RJD20 was created and is maintained by me: Richard "RJ" Compton. I am a human who lives on earth, shamelessly steals Chris Perkin's title Dungeon Master For Life, and loves Dungeons and Dragons. A few other mundane facts about me: I am in my twenties, married to the most wonderful woman in the world, I have a degree in Computer Science, and I work in marketing. As anyone reading this can probably tell, I am an advocate and sycophant of D&D, worldbuilding, and everything else in proximity to tabletop roleplaying games and fantasy.

In 2018, I decided to start writing weekly articles about my experience with this amazing hobby, inspired by Chris Perkin's The Dungeon Master Experience columns. Since then, I have experienced a few lulls and breaks, but those have made me more determined than ever before to build RJD20 into an evolving library of D&D information and advice for Dungeon Masters, Players, and Worldbuilders. Every week, I investigate my mind for compelling material and write about it for you all to read and ponder over. Some of it is good, some bad, some horrendous, but it all comes from the same place: a heart and mind dedicated to helping more people learn and love D&D.

D&D Origins

My premiere delve into D&D occurred when I was ten years old. My father, an avid D&D Player and Dungeon Master during the RPG's earliest years, ran a short adventure for my brother and I after we showed interest in the game: The Burning Plague. I played a kobold sorcerer named Meeko the Outcast, saved by my younger brother's wood elf ranger. Together, we saved an endangered village from a dastardly orc shaman who poisoned its water supply. The mini-quest hooked me.

There was a small stretch of time during which I did not play. During summer, my friends and their parents would come over and we would roll some dice, but we did not play consistently. I tried my hand behind the screen once or twice during that period, but never experienced a perfect storm of inspiration and insight. Instead, a sparse D&D schedule was the norm and I adventured in games like Neverwinter Nights and Dungeons & Dragons Online. On disconnected days, I read D&D sourcebooks older than I was.

Then, fifth edition D&D released and everything changed. The new edition's release conjured up the perfect storm I was searching for in years prior. As soon as the Player's Handbook hit the shelves, I rushed to buy it. Soon after, I purchased Hoard of the Dragon Queen. That very same day, I contacted all my childhood D&D pals and asked them to play D&D that night; they accepted my offer. We played that initial leg of Hoard of the Dragon Queen and almost every week since, I have played D&D.
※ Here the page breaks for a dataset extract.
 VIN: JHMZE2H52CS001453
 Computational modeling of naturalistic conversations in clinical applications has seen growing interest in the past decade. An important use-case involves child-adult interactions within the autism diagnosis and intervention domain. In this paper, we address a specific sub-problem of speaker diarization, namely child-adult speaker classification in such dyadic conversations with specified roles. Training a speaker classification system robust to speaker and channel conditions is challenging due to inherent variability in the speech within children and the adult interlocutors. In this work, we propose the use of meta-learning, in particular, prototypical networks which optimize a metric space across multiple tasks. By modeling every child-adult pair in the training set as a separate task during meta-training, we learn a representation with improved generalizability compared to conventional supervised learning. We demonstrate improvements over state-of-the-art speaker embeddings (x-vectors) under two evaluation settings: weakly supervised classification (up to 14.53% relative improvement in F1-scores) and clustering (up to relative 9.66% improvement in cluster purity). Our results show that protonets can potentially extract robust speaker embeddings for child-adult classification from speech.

In the present, I have a wealth of knowledge and a mountain of experience. Under my belt are multiple homebrew campaigns, hundreds of pages of lore & D&D scripture (sourcebooks!), and ever-changing opinions on the game. Right now, I am running two campaigns: one weekly for my friends & a few family members, one monthly for my close family. Over the years, I have introduced a plethora of new folks to D&D and even inspired them to build their own adventures, through RJD20 and my own campaigns.

A Final Note

The campaigns I create are of my own design, occurring in my homegrown world of Eldar. Of course, I borrow and steal the amazing content of Wizards of the Coast and other spectacular worldbuilders and Dungeon Masters, but molding the plots, characters, and locations on my own gives me an indescribable feeling. When I play in, write about, or build D&D content, this euphoric sensations amplifies tenfold. On RJD20.com and beyond, I hope to spread this feeling to Dungeon Masters, Players, and Worldbuilders across the globe.
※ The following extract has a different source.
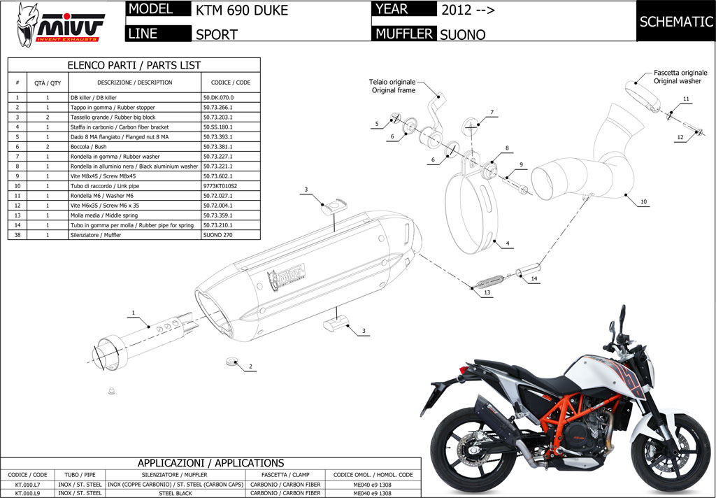 KT.010.L9 - Silencer Exhaust Mivv SLIP-ON SUONO STEEL BLACK KTM 690 DUKE 2012>

First time reading RJD20? Begin here, subscribe to my weekly newsletter, and join the discussion in the comments below.

Consider picking up my first supplement, Villain Backgrounds Volume I on the Dungeon Masters Guild. It helps fund D&D supplements of the future.

If you enjoy my content, support me on Patreon. Check out the sidebar to discover any other realms in which RJD20 exists.

Provide any feedback or inquiries to @RJD20Writes on Twitter or rjd20writes@gmail.com via email. 

Comments

  1. Great stuff! Love all these ideas, especially how to change up an encounter.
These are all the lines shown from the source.